The story that wouldn´t leave

I had to watch this film, "The Good Soldier",  twice, with a nights sleep in between, to make up my mind about it. Much like the book, as I wrote in my previous post, gave me resistance, so did the film. My opinion keeps improving and I can´t seem to stop thinking about the story. I find myself wanting to talk about this book. And I think, despite of what I thought two weeks ago, I will put it up there on my list of books to re-read. (Perhaps it was also that the film - a US release from 2007 - has no English subtitles, which is always a bit of a support. I know a lot of Swedes think they speak English fluently, but I dare anyone to watch a decently scripted English film and get it all at a first viewing. It´s a bit humbling. And earphones help.)

The adaptation has been made by Julian Mitchell ("Wilde", ten episodes of "Inspector Morse", etc), and I think he has done a good job of it. There are bits missing from the book of course, that is to be expected with a film of only an hour and forty minutes. The gaps are filled in by narrative voices, John Dowell´s and Leonora Ashburnham´s.

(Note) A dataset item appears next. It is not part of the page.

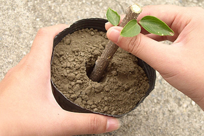 خشبی را برای ریشه دار کردن در خاک می زنند. به بستر کاشت قلمه ها می توان موادی

On the other hand, the actors have added something to the story that the novel didn´t have, some kind of emotional realism. And the atmosphere of the period really comes across (I suppose a 1915 reader would have taken this for granted), you really feel drawn in to this other world of fin de siècle upper class end-of-the-Victorian-era decadence. The locations are wonderful and grand, as are the costumes and the hair and all of it.

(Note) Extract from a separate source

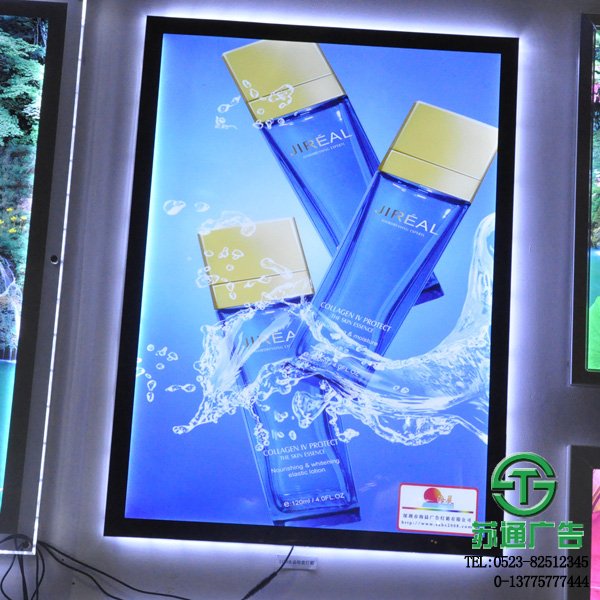 超簿燈箱亦稱側光源導光板超薄燈箱或背光源節能燈箱,是將光導技術與數碼印刷和雕刻技術相結合的高科技燈箱產品,使用普通T4/T5熒光燈管、LED燈條或EEFL無極節能燈管等作為光源,并采用多種多樣的外框材料制作而成的一種多功能新型燈箱,用220伏市電或者通過用12伏變壓器接通220伏市電,從而達到發光效果的視覺表現物體。
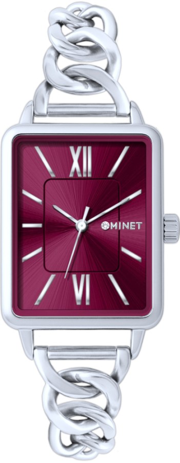 MINET Stříbrno-vínové dámské hodinky SIENA se stříbrným ocelovým řemínkem

Susan Fleetwood as Leonora is perhaps the best cast actor of the whole piece. She is pitch-perfect the whole time. It´s a bit like she is the pillar around which it all revolves. And perhaps it was like that in the book as well. It´s she who makes the rational decisions for Edward Ashburnham, she who enables his "goodness" and respectability. Jeremy Brett as Edward unfortunately does not have enough room to more than hint at his character´s childishness behind the mask of stiff-upper-lip. In one telling scene he giggles at Leonora the way a child giggles at his mother. Don´t remember that from the book, but it says a lot about their relationship and his state of mind.

Robin Ellis, as John Dowell, has a funny-sounding American accent which irritates me slightly. But he is otherwise just like I imagined him in the book: tall, kind and a bit slow. Vickery Turner is a disappointment as Florence. Not that she´s a bad actress, she does Florence´s silly and self-centered talkativeness and flirtyness very well, but I pictured her as having that charm that only the very unlikely beautiful have. And Jimmy too (Florence´s first lover, played by John Ratzenberger, if you remember, Cliff in "Cheers"). They are both rather plain and while I can´t really criticize anyone for the way they physically look, they are just not what I expected. In the film it´s hard to imagine why Edward Ashburnham falls for Florence, other than boredom, perhaps. In the book, I saw her as an angelic kind of beauty. But I suppose that was my personal construction.

One other character I didn´t mention in my post about the book was Nancy, the Ashburnham´s foster-daughter, who get´s caught and smashed in the emotional turmoil between her foster-parents. Elisabeth Garvie is equally well cast as Fleetwood and gets a few scenes where we really get to see her as the teenage girl she is, with hormones raging and so on. There is also a lot of reference to the convent and Catholicism. This explains to me, at least, why she is as affected as she is by the events, in the end.

Do I recommend it? Well, yes, I will have to, as I will have to recommend the book. But it must be read/watched with a certain attitude. Don´t expect to be mindlessly entertained. This is a story, and a narrative (perhaps more that) that will give you a lot to brood on. And I suppose that is what makes the finest literature.